Perhaps, I thought, I could time future haircuts purposely to coincide with the
deaths of others of my era and, as I watch the scissored grey hair fall around
me, reflect on who goes next: me or Bob Dylan?
I don’t know
that the barber himself feels the same way about it: the little he says is
confined to nuggets of his personal life - holidays, football matches etc. - that
he looks forward to as distractions from his despair at what he sees as the breakdown
of society, his stock reaction to which is a disconsolate shake of the head. Actually
I was in the mood to empathise with him, having just returned from a couple of
days in the Lake District where the snow-capped peaks looked magnificent
against the cold but brilliant blue skies.

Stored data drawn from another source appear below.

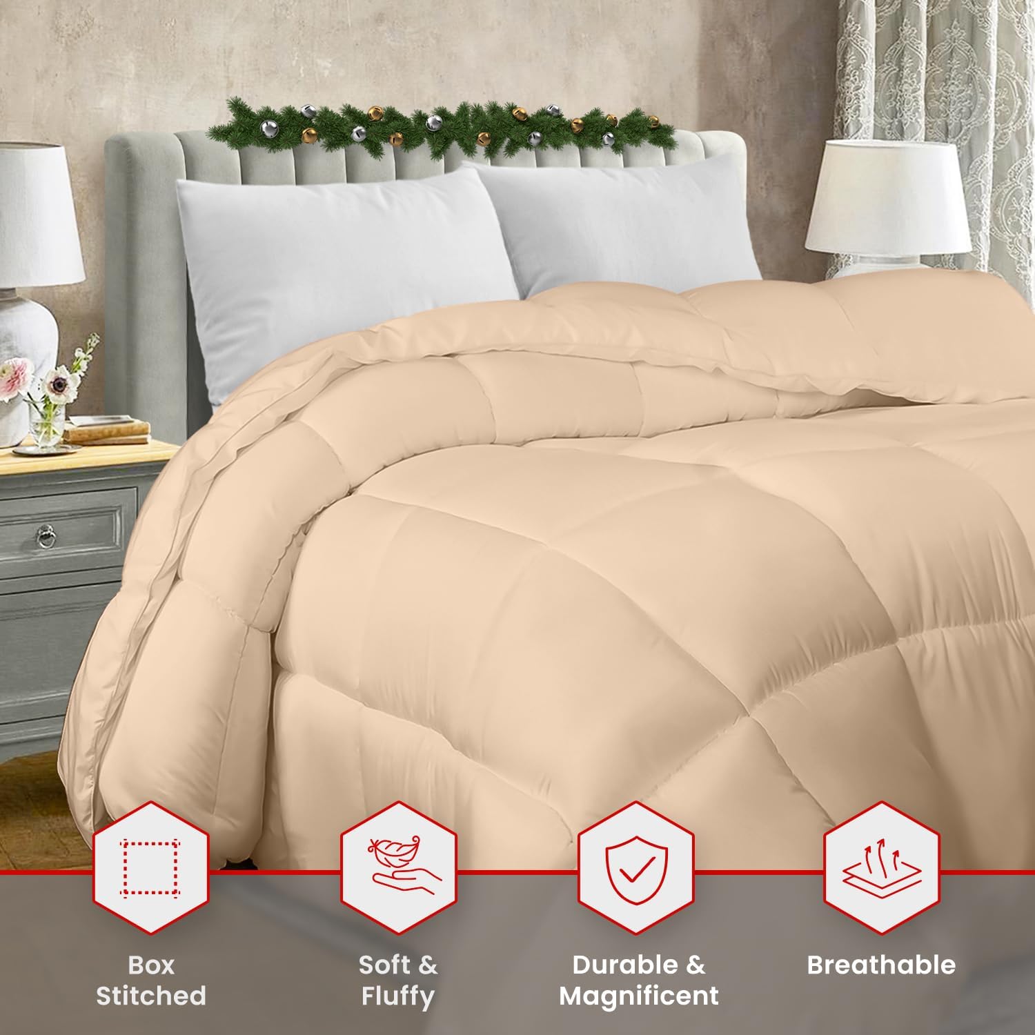 - Box Style Stitching: Crisp looking comforter with siliconized fiber filling features piped edges with an elegant style box stitching that prevent the fill from shifting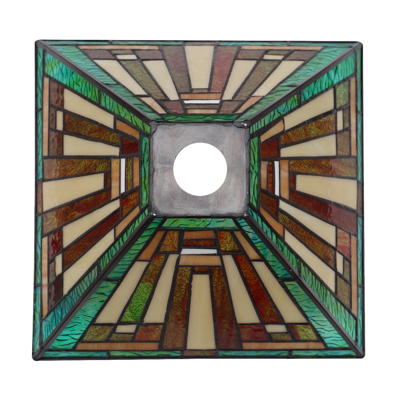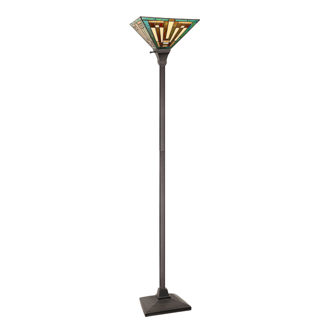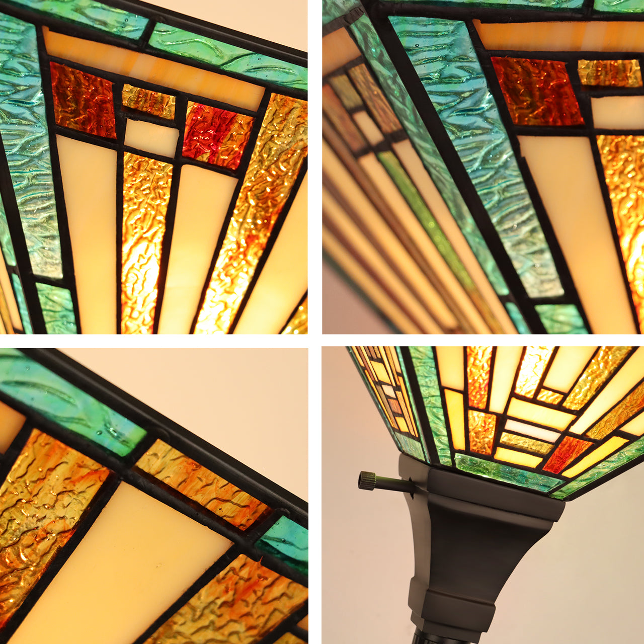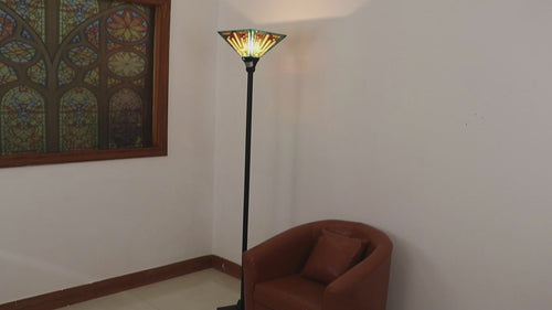 Firman is a beautiful mission-style torchiere floor lamp, featuring stained glass that will cast a warm glow for your home. It is made up of 152 pieces of copper-foiled, stained art glass, expertly designed and crafted by hand. Each of CHLOE's Tiffany-style stained glass products are formed using the very same technique developed by Louis Comfort Tiffany in the early 1900's, using hand cut stained art glass, each wrapped in fine copper foil and soldered together at extremely high temperatures to form each unique piece. Exact size to the nearest inch may vary, and exact color of each glass piece may vary due to each piece being hand crafted. First image is with the light shining through, second image is with no light. Dry listed and recommended for an indoor setting.
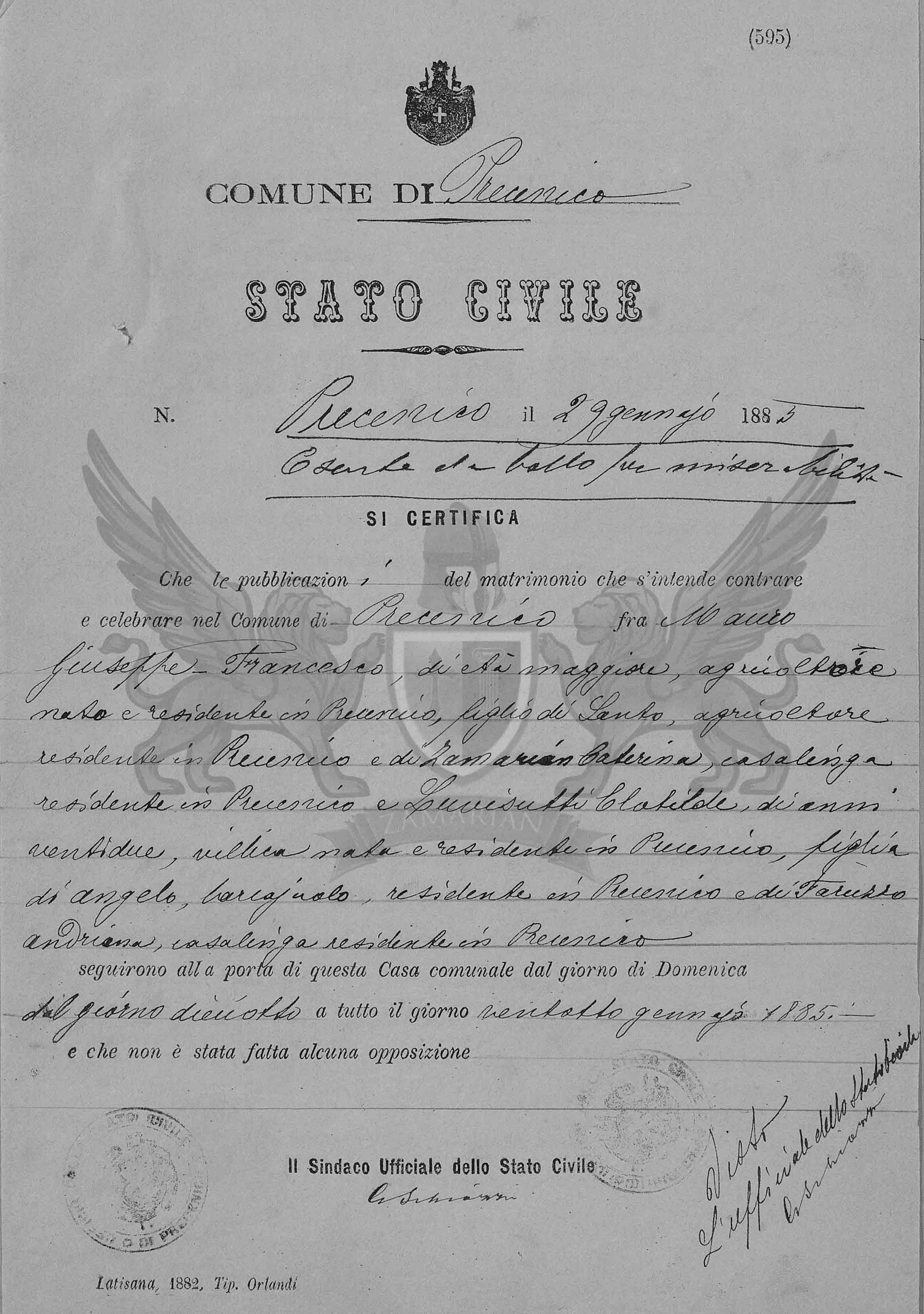 Que as publicações de matrimônio que se intende contrair e celebrar no Município de Precenicco entre Mauro Giuseppe Francesco, de idade maior, agricultor, nascido e residente em Precenicco, filho de Santo, agricultor, residente em Precenicco e de Zamarian Caterina, dona de casa, residente em Precenicco, e Luvisutti Clotilde, de vinte e dois anos, camponesa, nascida e residente em Precenicco, filha de Angelo, barqueiro, residente em Precenicco e de Faruzzo Andriana, dona de casa, residente em Precenicco, seguiram à porta desta Casa Municipal do dia de Domingo dezoito a todo o dia vinte e oito de janeiro de 1885 e que não fora feita alguma oposição

In such surroundings it is natural
to feel that all is well with the world and to make believe that that our
minority-elected Government is not really intent on destroying society and
appropriating all wealth on behalf of an elite few; that the E.U. is not really
about to outsource its refugee management problem to a ruthless Turkish
dictator; and that Americans are not really serious about electing Donald Trump
(a dictator-in-waiting) as President and Commander in Chief.
The
distraction of the pretty Lakeland landscape was powerful but short-lived. A
reality check came with the realisation that, although it was out-of-season,
the car park machines still charged a small fortune, while the toilet
facilities which are thereby funded were boarded up on the spurious grounds of
being “vulnerable to frost”. Then, over a cup of vile, brown liquid sold as
espresso and charged at city prices, the metaphor for life under capitalism
appeared all too plain: allow yourself to become captivated and you become a
captive customer.
I am getting
some historical context on power politics by reading Claire Tomalin’s biography
of Samuel Pepys, the man whose famous diary is fascinating because it records
not only the picaresque details of his daily life, but also the political
currents in which he swam. Pepys, as was common in 17th Century
England, relied on patronage for his living and, to his good fortune, had some
useful family connections plus the will and intelligence to exploit them to the
full. As a young man he lived through the civil war and saw the execution of
King Charles 1st, the rise and unexpected demise of the increasingly
dictatorial Oliver Cromwell and the power struggle that ensued. A form of
democracy with a small degree of enfranchisement emerged from these events but real
power resided with landowners and their agents, the legal system and state-enshrined
religion, for centuries afterwards. Now that they have largely waned we should
not imagine that egalitarianism has won the day. Multinational corporations are
our new masters and, as a logical extension of this reality, Donald Trump and
his like will be our new leaders: unless we are very careful.
And, of
course, where America leads, Britain nowadays follows. It won’t be Sir Richard
Branson or Sir Alan Sugar - they are relatively nice guys - but there will be a
corporate contender with a fascist agenda that the by-then impoverished masses will
be desperate to elect as a saviour. When this happens I can just see my barber
shaking his head in despair. “The Times They Are A-Changin”, I will say.